Making the ninth annual Olin/Brookings Municipal Finance Conference a virtual reality
- August 10, 2020
- By Guest Author
- 2 minute read
Richard Ryffel, a part-time professor of finance practice at Olin, wrote this for the Olin Blog.
It was in the early days of the pandemic’s work-from-home regimen in April when the other organizers of the Municipal Finance Conference and I convened to discuss whether to cancel, postpone or reconfigure the ninth annual Olin/Brookings/UChicago/Brandeis hosted event.
The conference, ordinarily held at Brookings’ headquarters in Washington, DC, is the preeminent municipal finance academic conference and its importance was all the greater given the rapidly evolving impact of the pandemic on state and local government finances.

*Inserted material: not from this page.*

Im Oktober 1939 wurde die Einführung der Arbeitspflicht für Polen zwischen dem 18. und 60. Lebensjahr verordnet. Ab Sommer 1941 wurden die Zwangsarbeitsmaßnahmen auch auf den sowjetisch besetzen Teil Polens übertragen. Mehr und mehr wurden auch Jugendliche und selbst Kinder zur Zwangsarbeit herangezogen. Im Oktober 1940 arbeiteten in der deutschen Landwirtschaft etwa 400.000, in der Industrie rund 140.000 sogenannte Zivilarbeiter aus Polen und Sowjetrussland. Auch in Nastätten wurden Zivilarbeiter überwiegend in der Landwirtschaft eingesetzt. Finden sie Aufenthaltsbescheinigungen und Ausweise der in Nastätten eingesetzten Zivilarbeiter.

Well before it was commonplace, the organizers pivoted to offer the conference virtually—becoming one of the early adopters of our “new normal” communication realities of Zoom, YouTube, screen sharing, virtual breakout rooms, curated backgrounds and the occasional cat intrusion.
In the same way state and local governments are adapting to their COVID-19 realities with what conference keynote speaker, Mayor Lilly Schaaf of Oakland, California, called “entrepreneurial bureaucrats,” conference organizers were able to quickly and effectively reinvent the conference.

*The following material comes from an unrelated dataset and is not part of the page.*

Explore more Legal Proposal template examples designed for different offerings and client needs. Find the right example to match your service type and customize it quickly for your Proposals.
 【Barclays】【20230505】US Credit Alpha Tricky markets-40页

The conference was held July 13-14 and was a considerable success, setting new attendance records and receiving strong survey feedback. With assistance from the exceptional Brookings staff, the online conference came off with no technical glitches whatsoever. Panelists, moderators and audience members alike transitioned flawlessly to the new virtual format, and the conversations and Q&A were lively and robust.

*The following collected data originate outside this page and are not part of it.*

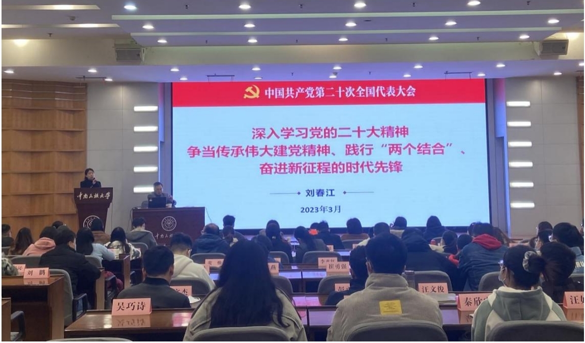 劉春江全面系統地講解了黨的二十大召開的歷史意義、現實背景及取得的豐碩成果,著重從歷史文化的角度闡釋了“兩個結合”的歷史必然、理論邏輯和實踐創新,并結合高校工作實際,指出高校師生在新時代必須把握好習近平新時代中國特色社會主義思想的世界觀和方法論,堅定“四個自信”,傳承偉大建黨精神,做奮進新征程的時代先鋒。
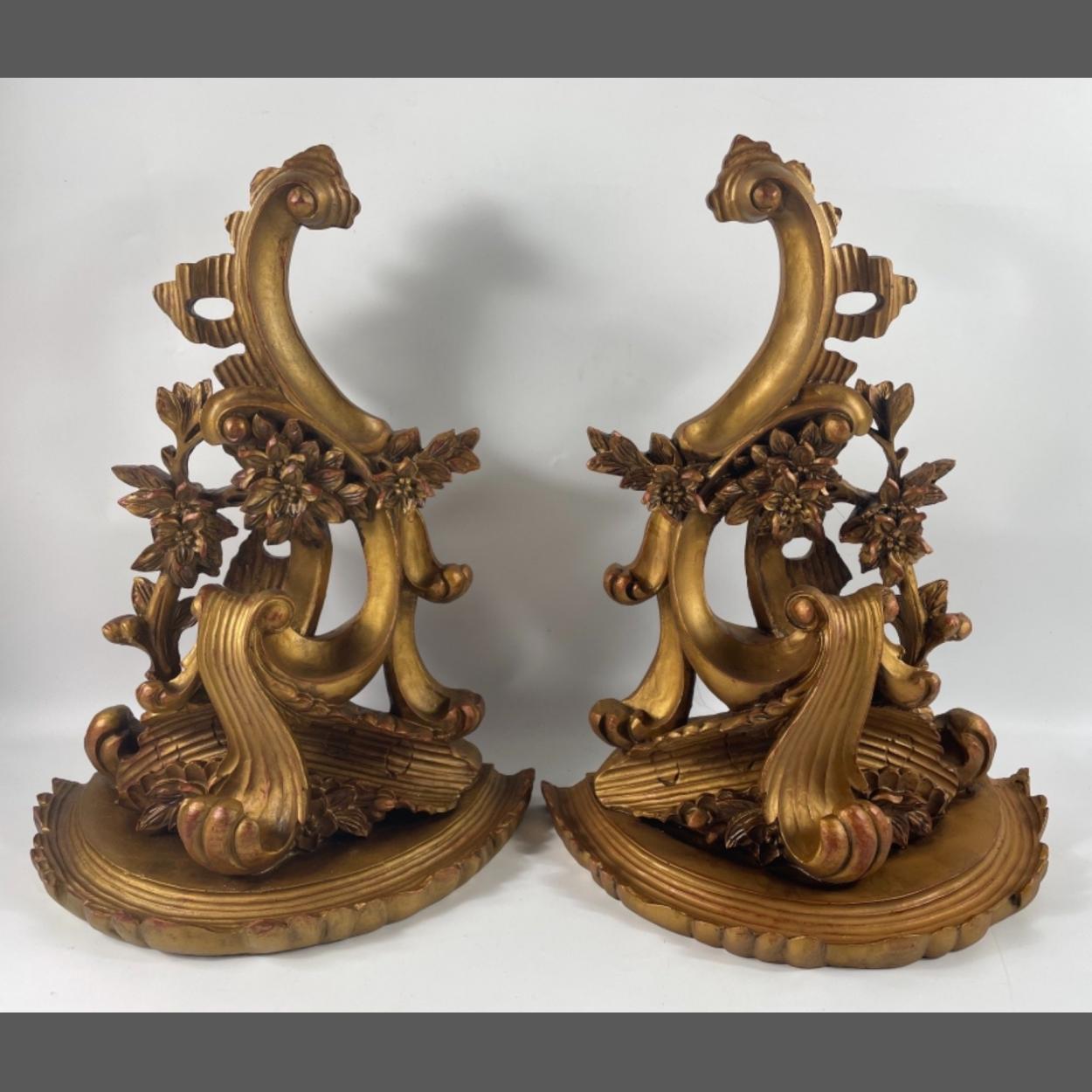 A gilded pair of HEAVILY CARVED wooden wall-mounted demi-lune shelves in gold length of shelf at rear 33cm, length of piece approx 47cm
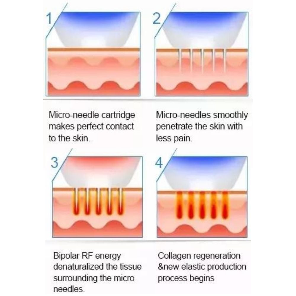 Die Haut mittels Vakuum-Funktion zuerst angesaugt. Danach dringen die Microneedling Nadeln kurz in die Haut ein und werden innert einer Millisekunde wieder herausgezogen. Gleichzeitig wird die Haut mit einem kurzen Radiofrequenzimpuls behandelt. Die Radiofrequenzwellen können direkt in den Zielbereich eindringen, um eine maximale Wirkung zu erzielen.
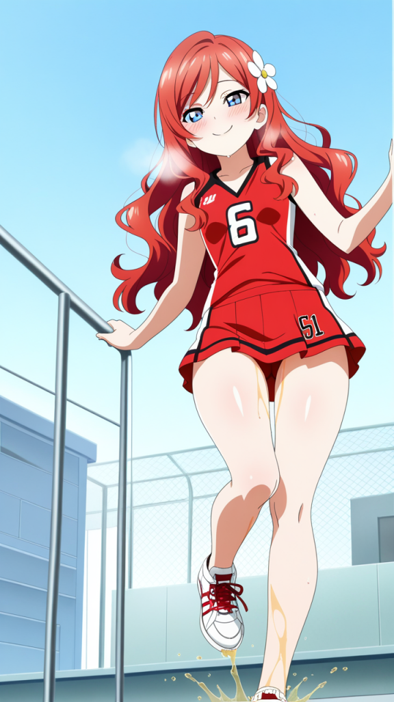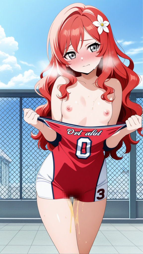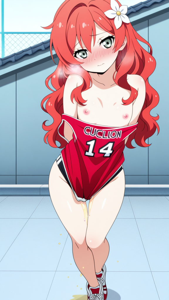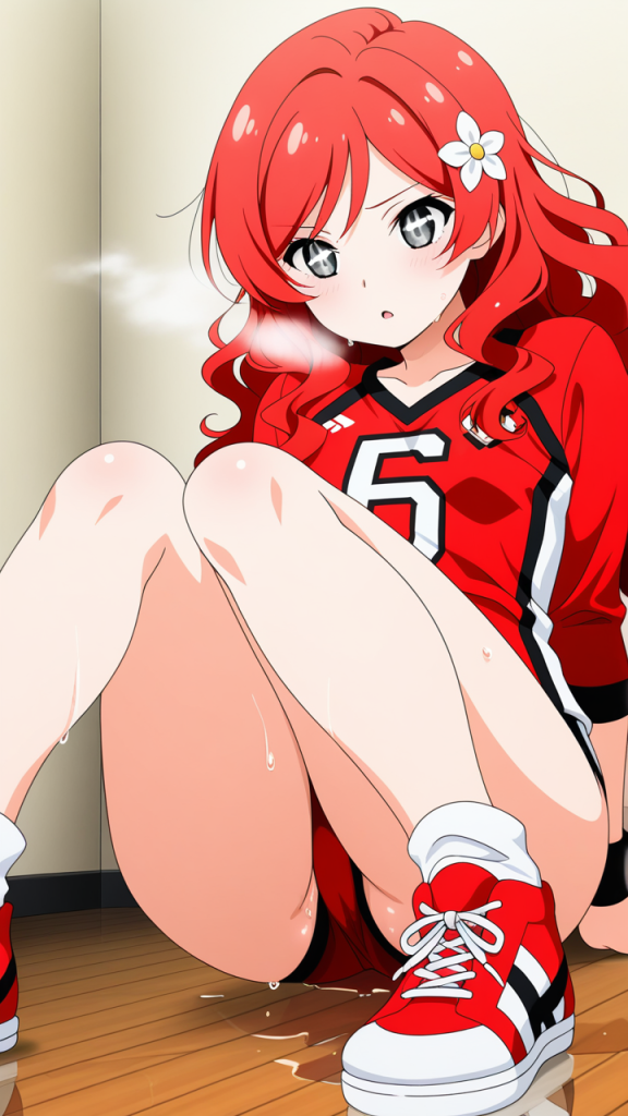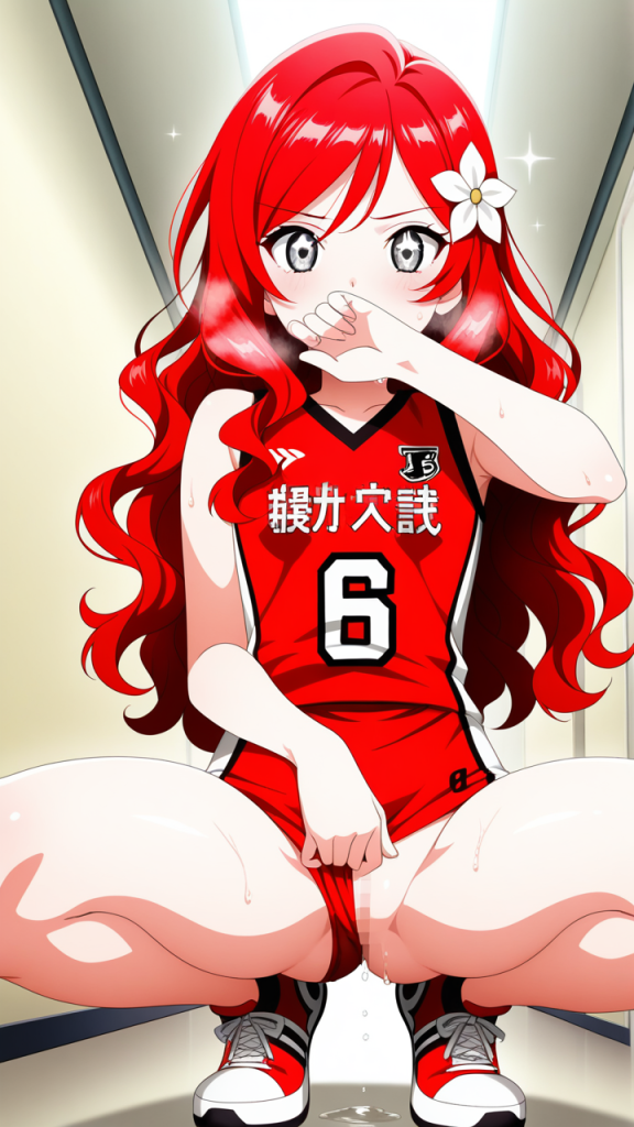 美少女,おっぱい,おしり,M字開脚,食い込み,乳首,パンツ,くぱぁ,おしっこ,お漏らし,放尿,,赤髪のウェーブロング,銀色の瞳、細めのクールな目,小柄でむっちり,深紅と黒のスポーツジャージ、白いハイカットスニーカー、髪に白い花飾り,腹黒系、冷徹で計算高い

As a valuable field experiment for the effectiveness of distance learning, conference organizers found the new format lent itself to securing a broader group of speakers, more registrants and attendees from geographies that were underrepresented in the past.
Significant benefits in terms of financial and time costs accrued to all involved as well. So much so, that some type of virtual offering is likely to be a mainstay of future conferences.
Olin alumna Sarah Snyder, BSBA ’05, of Samuel A. Ramirez & Co., participated in a panel on the impact of COVID-19 on the municipal bond market and discussed how municipal bond issuers and investors are being impacted by the effects of the pandemic and the various policy responses thereto. Other topics included pension funding holidays, climate change, legalized marijuana sales, infrastructure spending, tax incentives and shadow banking.
The conference organizers are planning a mid-year event also to be offered virtually and are looking forward to a return to a physical conference in 2021 to be augmented by a synchronous virtual program. But conference organizers will be ready to pivot once again, based on the then-existing pandemic realities.